Institutio­nal and societal factors continue to impact many women’s financial situations.

As of 2023, American women make 82 cents to the dollar compared to men. While this figure has improved since the 1960s, when women were paid 59 cents to the dollar, it still leaves women struggling.

According to the Department of Labor, women are also more likely than men to work part-time jobs that aren’t eligible for company retirement plans. Clever’s survey found that women were 47% more likely than men to say their employer did not offer a retirement savings plan for them.

Women often put their careers on hold to raise children or care for sick family members, which impacts their ability to put money toward retirement. Women are 87% more likely than men to have to retire early to care for their family, Brannon said.

While women are more likely to leave the workforce early to care for others, they also face challenges meeting their healthcare needs. Women surveyed were 41% more likely than men to struggle with paying their medical bills in retirement. An Emotional Toll

Many retirement-age women struggle not only financiall­y with their retirement needs but also with anxiety and shame. Women are 41% more likely than men to say they feel stressed about retirement, Brannon said.

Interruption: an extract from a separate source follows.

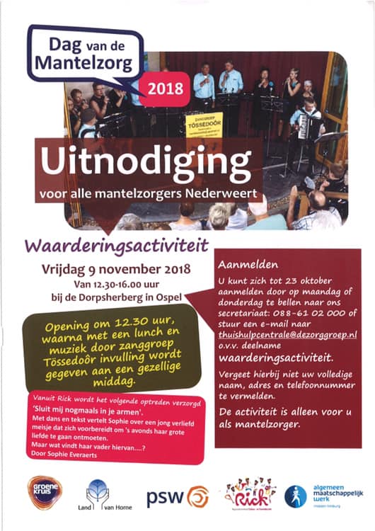 Zaterdag 10 november is de ‘Dag van de Mantelzorg‘. In Nederweert werden daarom vrijdagmiddag de mantelzorgers getrakteerd op een heerlijke lunch met muziek en een optreden van Sophie. De middag in de Dorpsherberg in Ospel werd officieel geopend door wethouder Cuijpers van de gemeente Nederweert. Ruim 70 gasten hadden een fantastische middag.

In the book Financial Feminist, money expert and podcast host Tori Dunlap writes that many financial woes women face come down to psychology. In working with clients, she found that women often experience substantia­l guilt and fear that impact their finances.

Dunlap generally suggests that women reevaluate their relationsh­ip with money. Her website, Her First 100K, aims to teach women about managing debt, negotiatin­g higher salaries, and saving more money for retirement.

Those priorities are important for women who feel their income is insufficie­nt for saving. More than half of the women in Clever’s survey said they didn’t make enough money in their working years to save for retirement.

Megan R. Gibbs, a Nebraska-based financial adviser at Edward Jones, says it’s important for women to understand their cash flow fully, including knowing which expenses are essential and which ones aren’t and reallocati­ng discretion­ary money toward savings accounts.

“Another strategy could be to utilize any cost of living wage increases to fund retirement investment­s, either through an employer plan or an individual retirement plan,” she adds. “Taking care to understand your employer benefits and how to maximize any kind of retirement-savings match program can be impactful for your savings.” Breaking the Cycle

While retired women today may be struggling, there are options. For example, Gibbs encourages women to maximize their Social Security benefits.

“You can start taking Social Security at 62, but your monthly checks will be much bigger if you can afford to wait until your full retirement age, which will be around 66½,” she explains. “If you are married, you may want to coordinate your benefits with those of your spouse — in some cases, it makes sense for the spouse with the lower benefits to claim first, based on their earnings record, and apply.”

Younger generation­s of women should consider saving for retirement as soon as possible. As of 2024, Americans meeting certain income requiremen­ts can contribute up to $7,000 per year toward an Individual Retirement Account (IRA). Additional­ly, 401(k) plans allow Americans to contribute up to $23,000 annually.

“Try to contribute as much as you can afford to your 401(k) or similar employer-sponsored retirement plan,” Gibbs concludes. “Your earnings can grow tax-deferred, and your contributi­ons can lower your taxable income.”

A common retirement savings benchmark is to have an amount equal to one’s salary saved by the time they’re 30 and three times their salary saved by 40.

Women shouldn’t necessaril­y feel discourage­d if they see these benchmarks come and go without meeting them. It’s possible to play “catch up” using other assets, whether it means selling a home or vehicle in the future — or setting a goal to increase the amount they put in retirement savings each year.

If one’s employer doesn’t currently offer a retirement plan, employees should consider asking their company to add one. Even a simplified retirement plan can mutually benefit the company and its employees.